Retype word for word the stretch of entries below from the line that has "Savage Gear 4D" through the line that has "Designed for the", and omit the pictures.
(Beginning of DATA EXTRACTS)
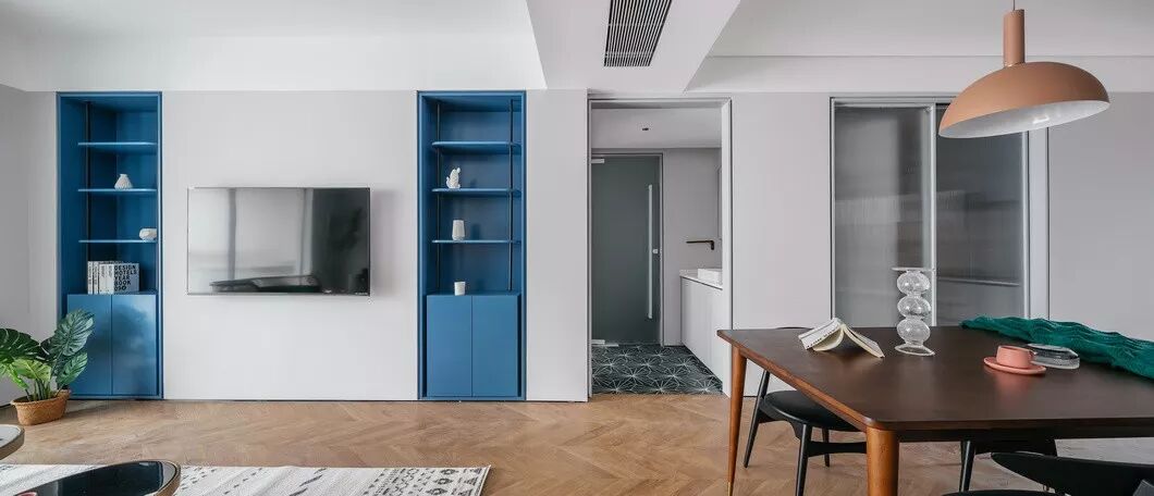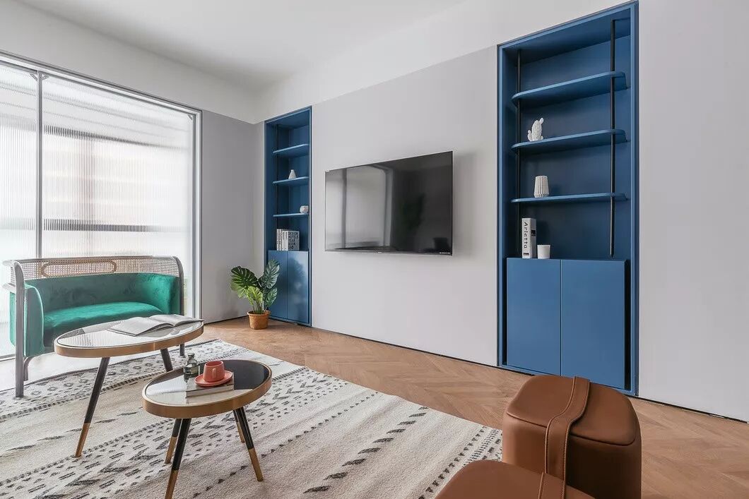 电视背景墙延续简约的风格设计,内嵌式蓝色储物柜特意设计成对称样式,达到平衡整个区域重心的目的。纯色以其特有的明亮和澄净,给人一目了然的舒心。
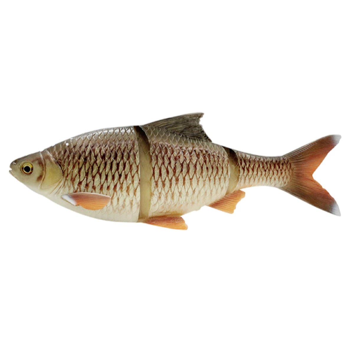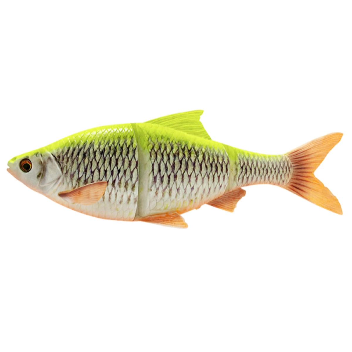 Savage Gear 4D line Thru Roach. Gemaakt door middel van een super gedetailleerde 4D scan van een echte voorn. Het innovatieve line-thru-systeem geeft je de mogelijkheid de haken zowel onder de buik als op de rug te bevestigen, afhankelijk van hoe jij hem wilt vissen. Zodra een vis is gehaakt zal de swimbait over de onderlijn schieten,van de snoek vandaan, zodat hij deze niet kan gebruiken om de haken te lossen! De actie is simpelweg niet van echt te onderscheiden, het zwemt als een echte levende voorn en zal zelfs de meest argwanende snoeken weten te verleiden!
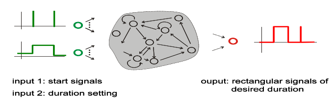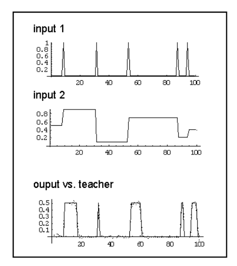 下面看一个运用RNN进行时序建模的例子,考虑这样一个定时问题,输入分为两部分,u1是作为触发脉冲,而u2是作为输出的duration。当u1为1时,u2便立即产生一个随机数,而此时的输出0.5,并且duration为10×u2;其他时刻,输出均为0。
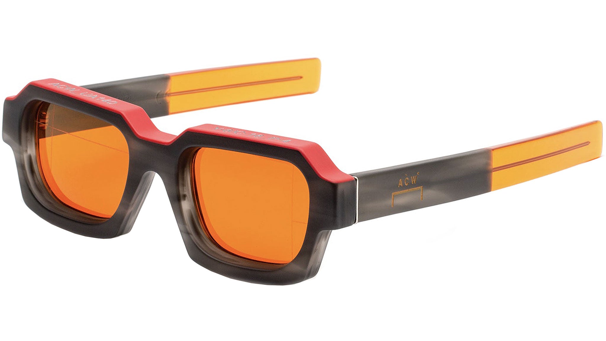 Designed for the cult British menswear brand A Cold Wall, this version of Caro is a statement piece of eyewear characterized by its ultra-thick profile and squared lenses. The model’s geometric design has been crafted from solid acetate to emphasize the materiality of the shape. This aesthetic language draws from ACW’s exploration of architectural design qualities, applying it to high-end fashion. This version features a matte grey marble finish on the frontal frame and temples, with solid orange detailing on the top. Matching tinted lenses and crystal temple tips complete the piece.
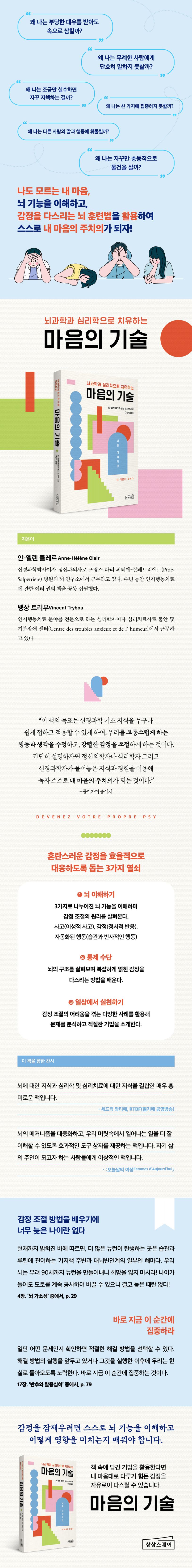 《마음의 기술》은 우리를 고통스럽게 하는 행동과 생각을 수정하고 강렬한 감정을 조절하는 방법을 안내하는 책이다. 그리고 그 방법은 누구나 쉽게 이해하고 적용할 수 있는 신경과학 기초 지식을 바탕으로 한다. 정신과의사이자 신경과학박사인 안-엘렌 클레르와 심리치료사 뱅상 트리부는 뇌가 교육이 가능하며, 뇌의 기능을 이해한다면 누구라도 자신의 뇌를 교육할 수 있다고 말한다. 두 저자가 전하는 지식과 경험을 이용해 독자가 스스로 ‘내 마음의 주치의’가 되는 것이 바로 이 책의 목적이다.
(End of DATA EXTRACTS)
• SOLUTION
 Savage Gear 4D line Thru Roach. Gemaakt door middel van een super gedetailleerde 4D scan van een echte voorn. Het innovatieve line-thru-systeem geeft je de mogelijkheid de haken zowel onder de buik als op de rug te bevestigen, afhankelijk van hoe jij hem wilt vissen. Zodra een vis is gehaakt zal de swimbait over de onderlijn schieten,van de snoek vandaan, zodat hij deze niet kan gebruiken om de haken te lossen! De actie is simpelweg niet van echt te onderscheiden, het zwemt als een echte levende voorn en zal zelfs de meest argwanende snoeken weten te verleiden!
 下面看一个运用RNN进行时序建模的例子,考虑这样一个定时问题,输入分为两部分,u1是作为触发脉冲,而u2是作为输出的duration。当u1为1时,u2便立即产生一个随机数,而此时的输出0.5,并且duration为10×u2;其他时刻,输出均为0。
 Designed for the cult British menswear brand A Cold Wall, this version of Caro is a statement piece of eyewear characterized by its ultra-thick profile and squared lenses. The model’s geometric design has been crafted from solid acetate to emphasize the materiality of the shape. This aesthetic language draws from ACW’s exploration of architectural design qualities, applying it to high-end fashion. This version features a matte grey marble finish on the frontal frame and temples, with solid orange detailing on the top. Matching tinted lenses and crystal temple tips complete the piece.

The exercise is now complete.